Faits Divers
La justice en colère une auberge espagnole de revendications
Ce lundi, des milliers de professionnels de la justice se sont rassemblés devant les palais de justice partout en France. Avocats, magistrats, greffiers…


Ce lundi, des milliers de professionnels de la justice se sont rassemblés devant les palais de justice partout en France. Avocats, magistrats, greffiers et même policiers ont mêlé leurs voix pour dénoncer le projet de loi SURE et la gestion de l’affaire Lyhanna par le ministre Gérald Darmanin.
Pour la première fois, des acteurs de la chaîne pénale que l’on voit rarement côte à côte ont fait front commun. Mais cette unité apparente cache une réalité plus éclatée. Chaque corps de métier a ses propres griefs. Les magistrats réclament des moyens humains et financiers. Les avocats s’opposent frontalement à la réforme de la justice criminelle. Les policiers, eux, dénoncent la désorganisation des enquêtes après la réforme de la Police judiciaire. Un juge résume la situation en une formule qui a fait son chemin. C’est une auberge espagnole, dit-il. Chacun apporte ses propres colères et les pose sur la même table.
La colère est en grande partie alimentée par l’affaire Lyhanna. Après le meurtre de cette enfant, le garde des Sceaux a retiré son habilitation à une magistrate d’Auch, l’accusant de dysfonctionnements dans le suivi du suspect. Une décision vécue comme une mise en accusation publique. Les magistrats estiment que le ministre les a jetés en pâture pour masquer le manque criant de moyens. Sans effectifs ni temps, disent-ils, une erreur similaire peut se reproduire n’importe où. En parallèle, les avocats ne décolèrent pas contre ce qui reste de la loi SURE. Même si Gérald Darmanin a renoncé au plaider-coupable criminel, ils jugent le texte toujours inepte et dangereux pour les droits de la défense.

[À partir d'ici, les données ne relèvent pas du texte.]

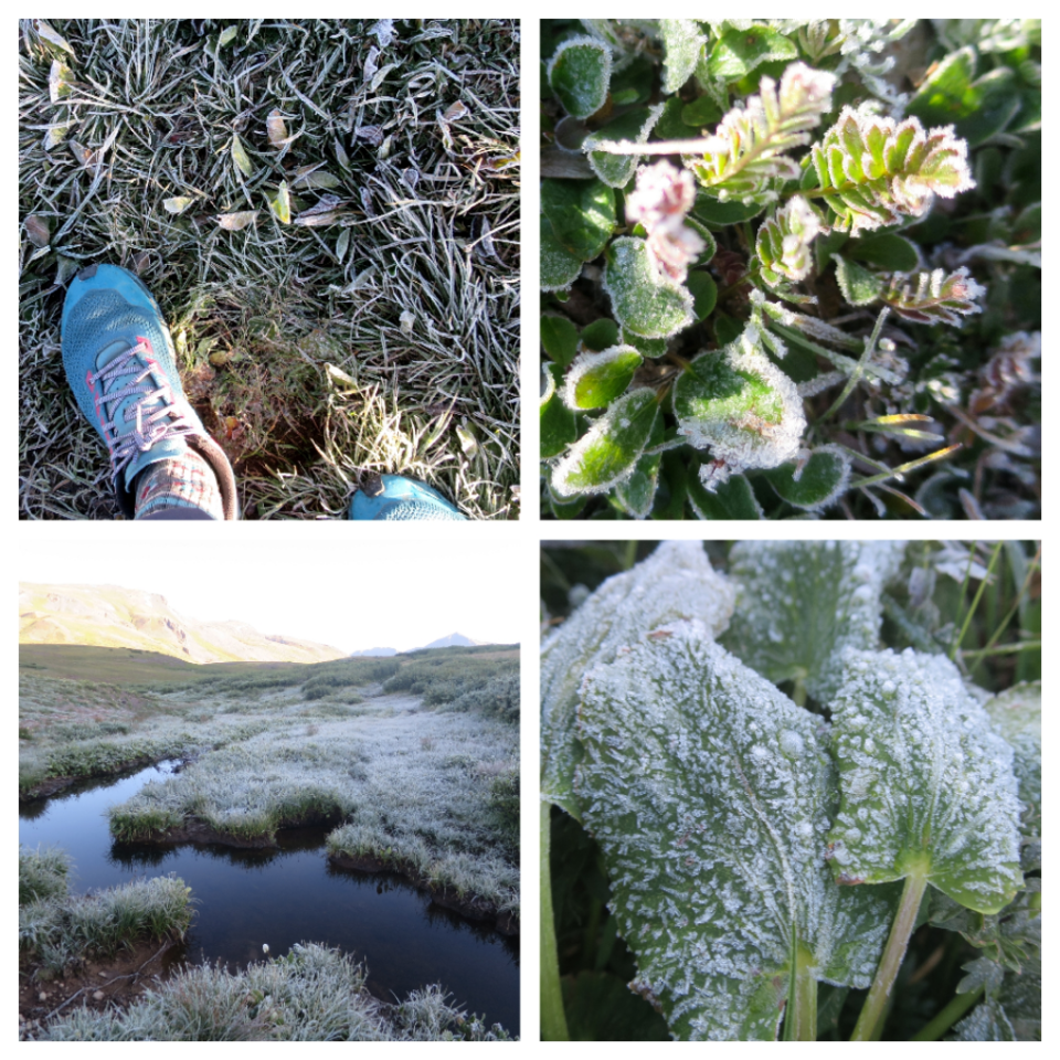 We soon met Denali, a feisty small woman who is hiking the CT southbound. We chatted to her for a bit. The ground was covered in a thick layer of frost and my feet were getting cold. I don’t think these Salewa shoes have the insulation in the soles that the Salomons did. We said goodby and continued on, losing the sunlight behind a mountain. It was very cold now, the ground was very boggy and it was hard to keep dry feet. We descended through this cold, wet boggy ground for about half an hour before I realised that we should not have descended so far. We were on the wrong trail. So we backtracked and got more wet feet on our return.

Les rassemblements ont été suivis dans de nombreuses villes. À Paris, des dizaines de personnes en robes noires ou rouges se sont postées sur les marches de la cour d’appel. À Bobigny, les audiences ont été maintenues mais certaines permanences n’ont pas été assurées, obligeant à renvoyer des comparutions immédiates. À Bordeaux ou Nantes, les syndicats parlent de belles mobilisations. À Brest, une centaine de magistrats, avocats et policiers ont déployé des banderoles pour demander des moyens à la hauteur. À Bayonne, la présidente du tribunal raconte des audiences qui se terminent à deux heures du matin. Partout, le même cri résonne. La justice manque de tout. Et dans cette cacophonie de revendications, un grand absent a été remarqué. Les surveillants pénitentiaires et la crise de la surpopulation carcérale n’ont presque pas été évoqués, alors que la France s’apprête à franchir le cap des 90 000 détenus pour moins de 65 000 places.